_EXERCISE DIRECTIONS_. Starting at the line where "Ohranite red v" occurs, reproduce each line through the end of the entries below exactly. Omit every picture.

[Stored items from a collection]
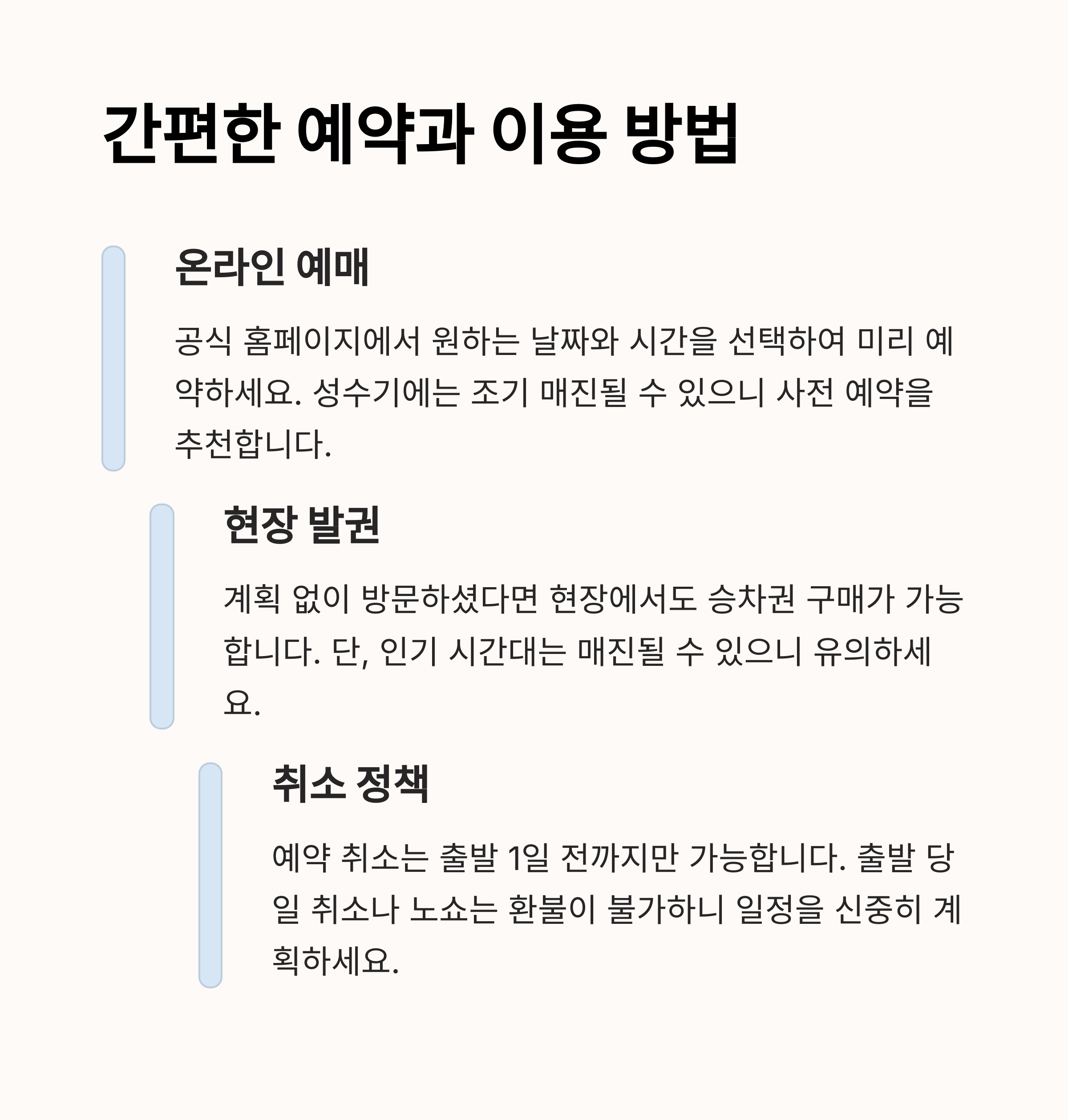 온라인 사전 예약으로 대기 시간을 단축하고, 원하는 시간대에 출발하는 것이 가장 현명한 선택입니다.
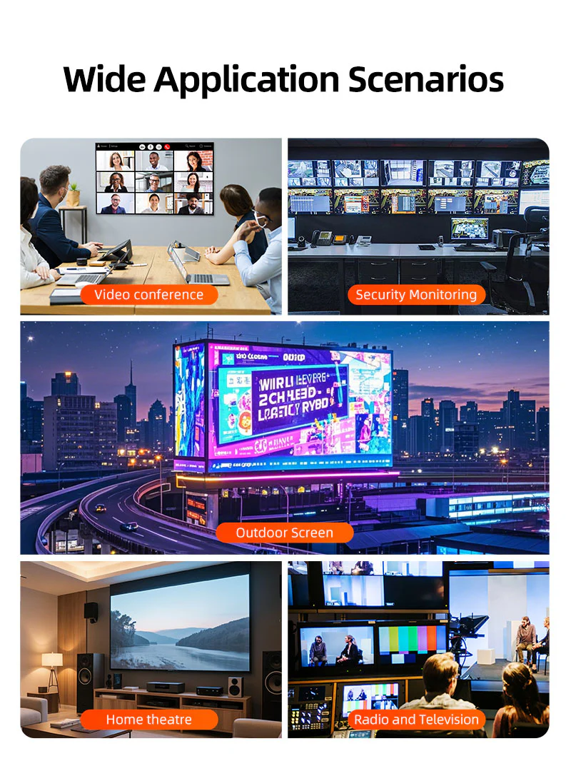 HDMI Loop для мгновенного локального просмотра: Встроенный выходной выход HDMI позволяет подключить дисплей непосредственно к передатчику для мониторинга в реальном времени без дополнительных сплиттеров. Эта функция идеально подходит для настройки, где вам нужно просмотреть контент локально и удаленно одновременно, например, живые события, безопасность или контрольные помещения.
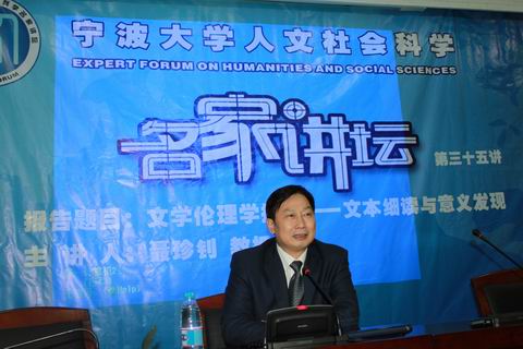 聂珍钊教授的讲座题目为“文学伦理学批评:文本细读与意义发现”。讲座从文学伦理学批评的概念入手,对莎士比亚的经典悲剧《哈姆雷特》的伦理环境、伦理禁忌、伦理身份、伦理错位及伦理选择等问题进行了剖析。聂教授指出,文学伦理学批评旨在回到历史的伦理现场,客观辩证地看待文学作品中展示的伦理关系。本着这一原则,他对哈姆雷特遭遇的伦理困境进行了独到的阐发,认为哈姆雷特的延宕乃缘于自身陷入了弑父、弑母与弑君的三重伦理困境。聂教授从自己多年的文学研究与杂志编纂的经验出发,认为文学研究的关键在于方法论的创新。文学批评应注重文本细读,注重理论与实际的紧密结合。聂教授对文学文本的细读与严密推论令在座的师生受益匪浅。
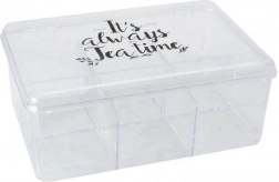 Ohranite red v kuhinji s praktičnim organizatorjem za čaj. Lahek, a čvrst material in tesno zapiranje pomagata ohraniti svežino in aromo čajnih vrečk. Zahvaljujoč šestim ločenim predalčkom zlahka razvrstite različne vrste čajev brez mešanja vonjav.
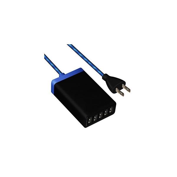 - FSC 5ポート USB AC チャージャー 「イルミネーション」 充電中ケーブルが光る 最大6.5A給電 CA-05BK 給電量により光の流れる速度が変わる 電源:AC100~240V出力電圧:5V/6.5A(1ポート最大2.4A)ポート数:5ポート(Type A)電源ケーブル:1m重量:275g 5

_TASK ANSWER_.
 Ohranite red v kuhinji s praktičnim organizatorjem za čaj. Lahek, a čvrst material in tesno zapiranje pomagata ohraniti svežino in aromo čajnih vrečk. Zahvaljujoč šestim ločenim predalčkom zlahka razvrstite različne vrste čajev brez mešanja vonjav.
 - FSC 5ポート USB AC チャージャー 「イルミネーション」 充電中ケーブルが光る 最大6.5A給電 CA-05BK 給電量により光の流れる速度が変わる 電源:AC100~240V出力電圧:5V/6.5A(1ポート最大2.4A)ポート数:5ポート(Type A)電源ケーブル:1m重量:275g 5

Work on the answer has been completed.